Figure 2. Expression of eGFP in tissues of hatched transgenic chimeric quail by fluorescence microscopy.

Lentiviral vector was injected into the blood vessels of HH13–15 embryos. eGFP expression in (A) the vitelline membrane of 4 day-old embryo; and in (B) the beak, (C) feather, (D) liver, (E) kidney, (F) mesenterium, (G) glandular stomach, (H) small intestine, (I) large intestine, (J) blood vessel, (K) breast muscle, (L) spleen, (M) heart, (N) oviduct, (O) eye, and (P) brain of newly hatched G0 quails; and in (Q) the follicle of sexually matured G0 quail, (R) the skeletal muscle of G1 progeny.

Figure 3. Expression of eGFP in the gonads.

Lentiviral vector was injected into the blood vessels of HH13–15 embryos. Newly hatched quails were observed by fluorescence microscopy. (A, B, C, D) Gonads of a 3 day-old male quail left and right. (E, F) Enlargement of part of the gonads. (B, D, F) are bright-field images.

Figure 4. PCR analysis of genomic DNA extracted from semen of transgenic germ line chimeric (G0) quail.

(A) PCR product of eGFP; (B) PCR product of housekeeping gene GAPDH; (1–5) PCR products of sexually matured G0 males produced by microinjection to blood vessels of embryo at HH Stage 13–15 (6–8). PCR analysis of three sexually mature males produced by microinjection beneath the subgerminal cavity of the blastodermal embryo. (M) Standard DNA markers. (P) Positive control. (N) negative control without microinjection of lentiviral vector. PCR product size is indicated on the right.

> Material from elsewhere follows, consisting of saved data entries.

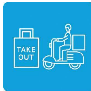
CONSIDER TAKE OUT AND DELIVERY
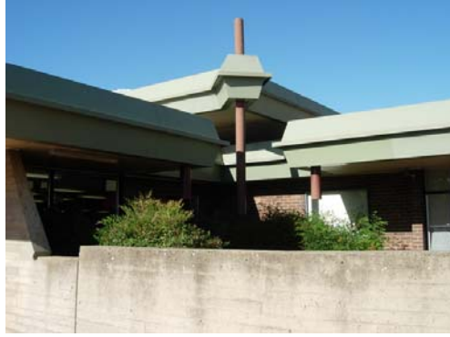
Figure 6. Dickson Library, SW corner (Truscott 10/4/08)
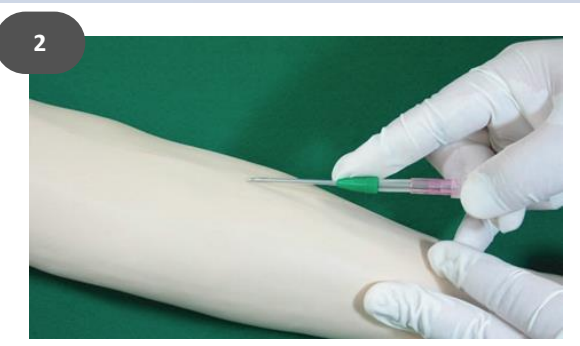
Puncture with the blade of the inner needle facing

Note: Be sure to hold the inner needle hub and take care that the inner needle does not move backward when puncturing.
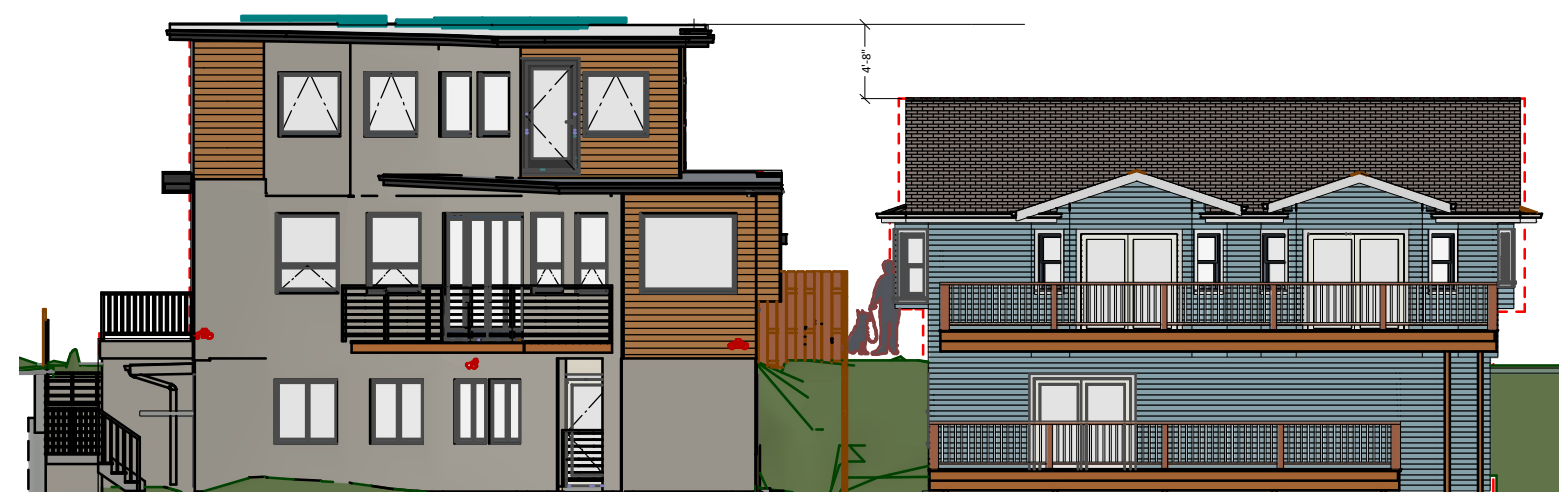
⑤ EAST - REAR, ELEVATION MASSING SCALE: 1/8" = 1'-0"
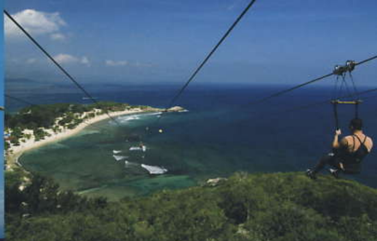
Dragon's Breath Flight Line
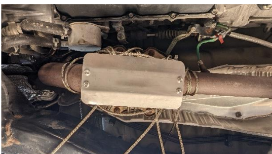
Figure 2 - Completed Install

FOR ADDITIONAL ASSISTANCE, CHECK OUT OUR INSTALLATION VIDEOS ON WWW.FREIGHTDEFENSE.COM
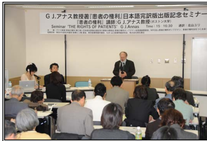
The Rights of Patients Seminar
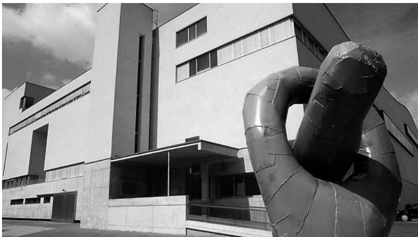
Sammlung Essl (this page)

of religious art from the Middle Ages to the present day. If you've ventured this far, however, you're better off including a guided tour on your itinerary, which takes in the cloister and the church (tours in English require advanced notice). The tour's highlight is the Verdun Altar in St Leopold's Chapel, an annexe of the church. Produced by Nicholas of Verdun in 1181, it is an unsurpassed example of medieval enamel work and is gloriously adorned with 51 enamelled panels showing biblical scenes.
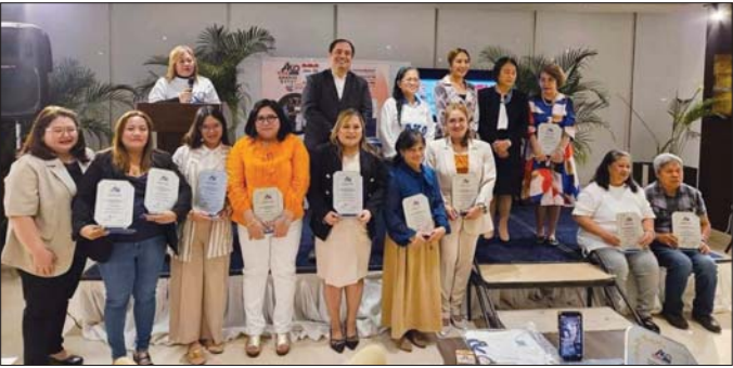
Filipino HSWs in Qatar were awarded.
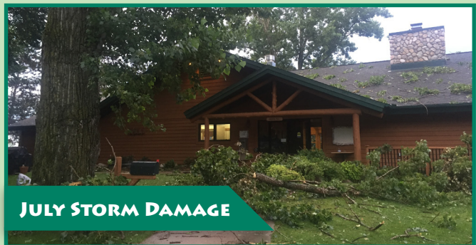
JULY STORM DAMAGE

Talented Volunteers - Both the North American Banking group and Zion volunteers share their time and talents to help prepare the camp for each summer camping season.
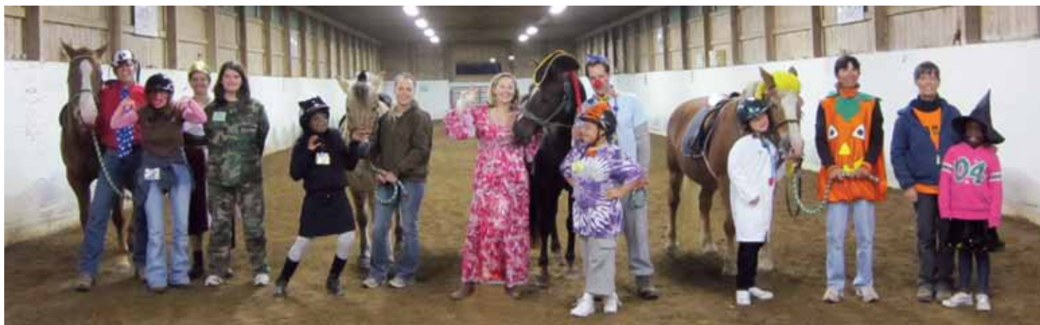
Thursday riders, volunteers, and horses getting into the Halloween spirit
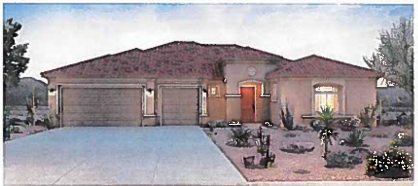
Elevation "B" Italian
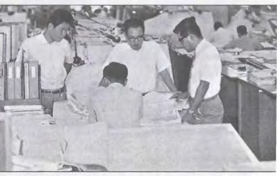
Japanese engineers draft blueprints for rotary-engine automobile. Sharing technology can bring mutual benefits.

relying mostly on imported technology provide further proof of the potential importance of foreign technology here. An example is Akzona, a fibers company which showed a 100 percent increase in sales from 1968 to 1973. This company, by coupling European and American technology, has been able to compete effectively in the U.S. specialty fibers market. Because it operates in the U.S., its success must be attributed to its use of European technology rather than to lower labor costs, advantageous tax laws, or more favorable government policies often associated with foreign business success.
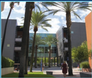
TUCSON CAMPUS Drachman Hall

The Arizona Mel and Enid Zuckerman College of Public Health is the first nationally accredited college of public health in the state of Arizona, with campuses in Tucson and Phoenix.
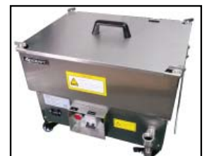
Oil Filter shown with stainless steel cover (included)

Warranty: This product is protected by Admiral Craft Equipment Corporation's 1 year limited warranty. Should your product fail under normal use it will be repaired or replaced up to 1 year from date of purchase.
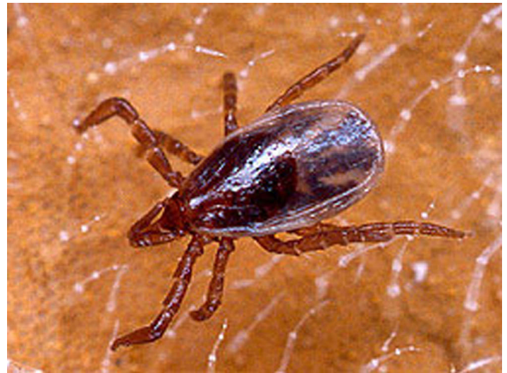
Figure 4. Nymph-stage blacklegged tick, Ixodes scapularis Say.

Ixodes scapularis is a three-host tick; each mobile stage feeds on a different host animal. In June and July, eggs deposited earlier in the spring hatch into tiny six-legged larvae. Peak larval activity occurs in August, when larvae attach and feed on a wide range of mammals and birds, primarily on white-footed mice ( Peromyscus leucopus ) (Anderson and Magnarelli 1980). After feeding for three to five days, engorged larvae drop from the host to the ground where they overwinter. In May, larvae molt into nymphs, which feed on a number of hosts for three to four days. In a similar manner, engorged nymphs detach and drop to the forest floor where they molt into the adult stage, which becomes active in October. Adult ticks remain active through the winter on days when the ground and ambient temperatures are above freezing. Adult female ticks feed for five to seven days while the male tick feeds only sparingly, if at all.
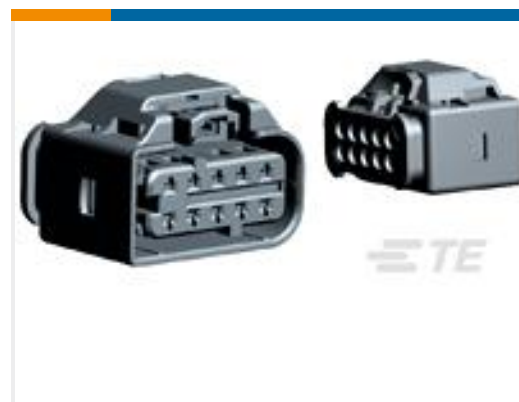
TE Part #1801600-2 RECEPTACLE HOUSING, MCON, 10 W, SEALED
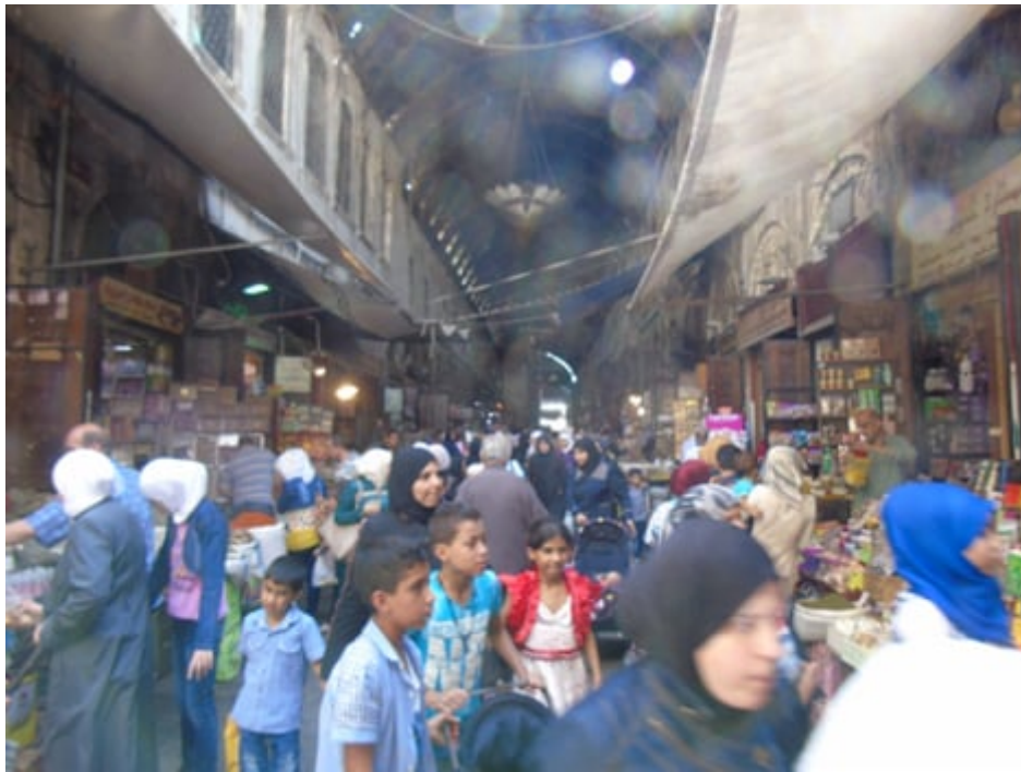
Tentacles of predatory neoliberal capitalism have yet to invade Syria's famous souks/markets

Figure 5. Expression of eGFP in the ovary.

Lentiviral vector was injected beneath the subgerminal cavity of blastodermal embryos. Newly hatched quails were observed by fluorescence microscopy. (A, C) Ovary of a 3 day-old female quail. (B, D) Enlargement of part of the ovary. (C, D) are non-transgenic control.

Figure 6. PCR and Southern blot analysis of genomic DNA from the blood of G1 transgenic quails.

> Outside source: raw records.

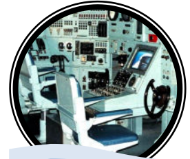
1. Ship Control Panel

1. Here the _____ steers the rudder while the _____ operates the stern plans.
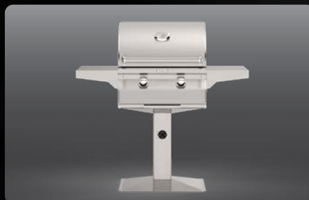
In-Ground or Patio Post Mount
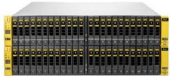
HPE 3PAR StoreServ 8000 Storage (4-Node Storage Base)
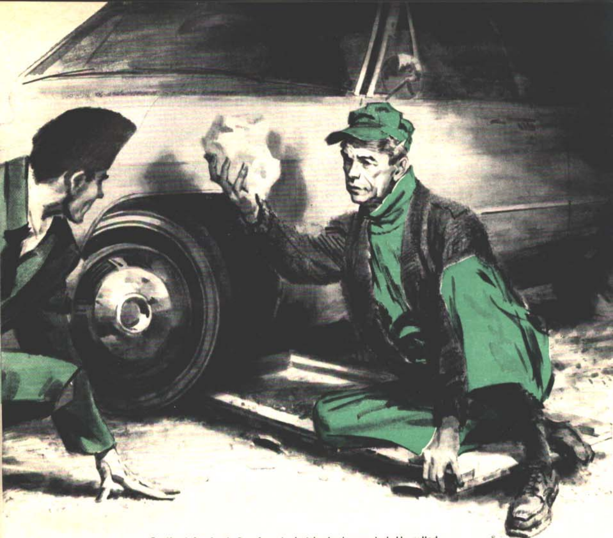
On the left wheel, Gus found what he had expected. He rolled out, in his hand a chunk of snow weighing at least two pounds.

she marched straight toward the men, heels clicking on the concrete floor, and blue eyes furious.
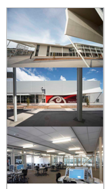
Whanau Organisation for 2014

Stationery lists for 2014 have been emailed to all families and are also published on our MHJC website Mission Heights Online . Students are required to wear the correct school and PE uniform, and have their school stationery on their first day of the new school year please.
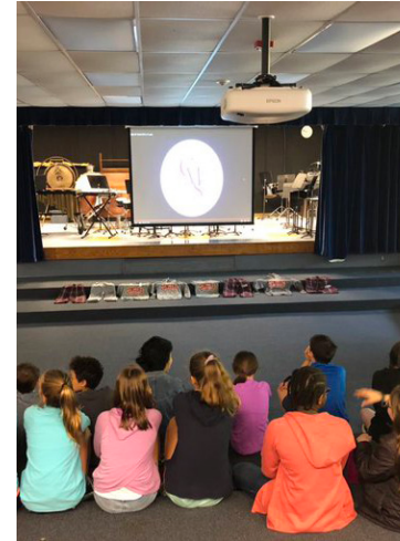
6th Grade Forum Assembly
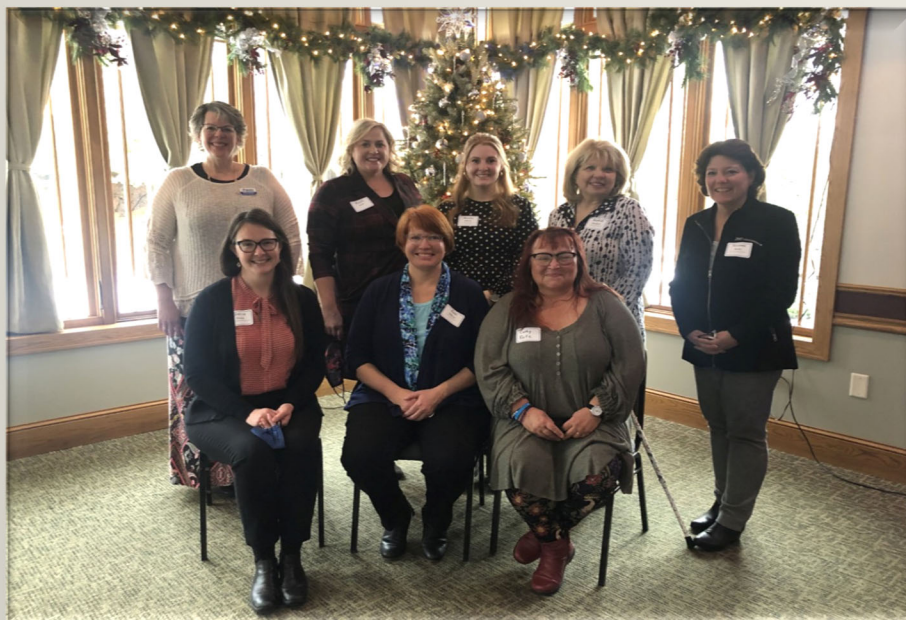
2021 WGC Grant Recipients at December's Gift of Giving Breakfast
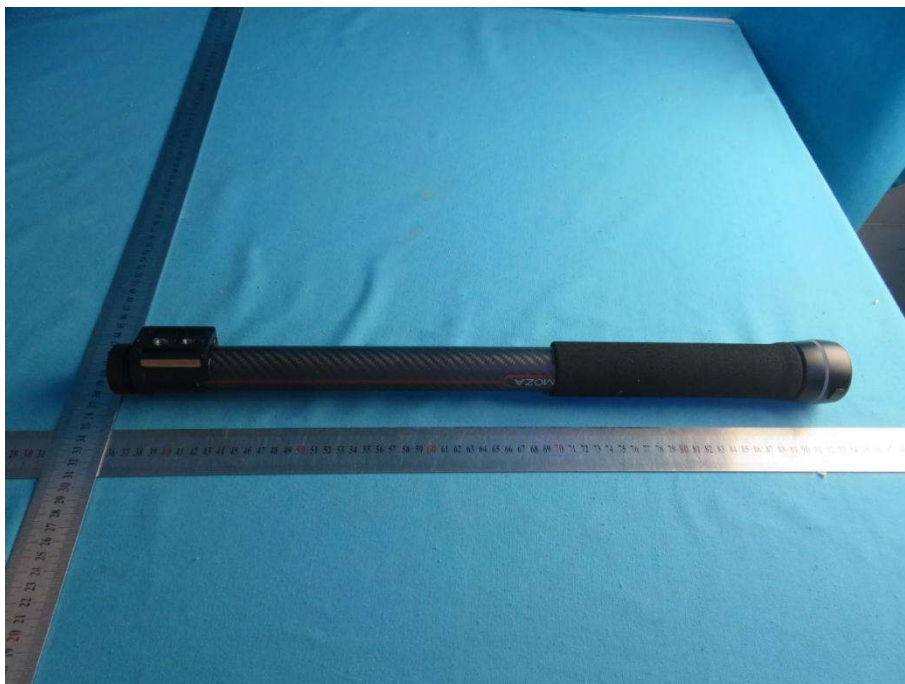
View of Product-5
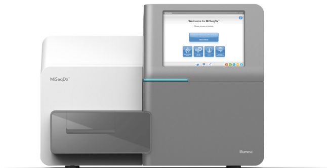
Figure 1: MiSeqDx Instrument—The FDA-regulated, CE-IVD–marked MiSeqDx Instrument offers a simple workflow, user-friendly software interface, and enhanced user security.

The MiSeqDx Instrument is the first Food and Drug Administration (FDA)–regulated and Conformité Européenne in vitro diagnostic (CE-IVD)–marked platform for next-generation sequencing (NGS) (Figure 1). Designed specifically for the clinical laboratory environment, the MiSeqDx Instrument offers a small footprint (0.3 square meters), an easy-to-use workflow, and data output tailored to the diverse needs of clinical labs. In addition, the on-instrument integrated software enables run setup, sample tracking, user management, audit trails, and results interpretation.* Taking advantage of proven Illumina sequencing by synthesis (SBS) chemistry, the MiSeqDx Instrument provides accurate, reliable screening and diagnostic testing.
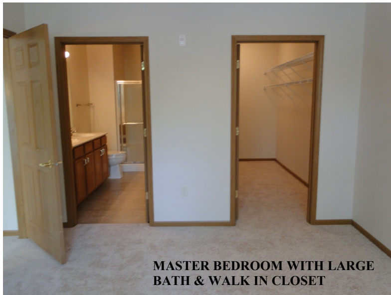
MASTER BEDROOM WITH LARGE BATH & WALK IN CLOSET

(A) PCR analysis of G1 offspring obtained by microinjection to the subgerminal cavity of blastodermal embryos. Lanes 1–4 represent the transgenic quails. (B) PCR analysis of five G1 offspring produced by microinjection into the blood vessels of HH13–15 embryos. Lanes 1–6 represent transgenic quails 1–6; MW, DNA size markers; P, positive control; N, negative control; PCR product size is indicated on the right. (C) Southern blot results. N, nontransgenic quail; Lanes 1–4 indicate G1 transgenic quails 1–4 (as in A). (D) Genomic DNA (10 µg) was digested with PstI and EcoRI and hybridized with the eGFP probe. P, 80 pg of pGCL-eGFP vector; N, negative control without injection of lentiviral vector; Lanes 1–6 indicate G1 transgenic quails 1–6 (as in B).

Figure 7. Fluorescent images of the lungs from quails.

(A) the lung from a G0 quail from blood vessel injection group; (B) the lung of a non-injection control.